■ WORK INSTRUCTION
Instruction for the entries that follow: retype exactly the lines from the line with "Подгузники - трусики" to the line with "기업별 덤핑마진 및 반덤핑관세율을", both included, and omit all others.

■ DATASET ENTRIES
....

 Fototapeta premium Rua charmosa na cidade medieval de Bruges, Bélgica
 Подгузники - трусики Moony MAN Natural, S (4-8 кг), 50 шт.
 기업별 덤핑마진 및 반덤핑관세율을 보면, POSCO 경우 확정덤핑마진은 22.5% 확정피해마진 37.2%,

....

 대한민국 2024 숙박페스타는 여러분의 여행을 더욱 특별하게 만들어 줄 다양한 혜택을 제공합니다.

....

■ OUTPUT FOR THIS EXERCISE
 Подгузники - трусики Moony MAN Natural, S (4-8 кг), 50 шт.
 기업별 덤핑마진 및 반덤핑관세율을 보면, POSCO 경우 확정덤핑마진은 22.5% 확정피해마진 37.2%,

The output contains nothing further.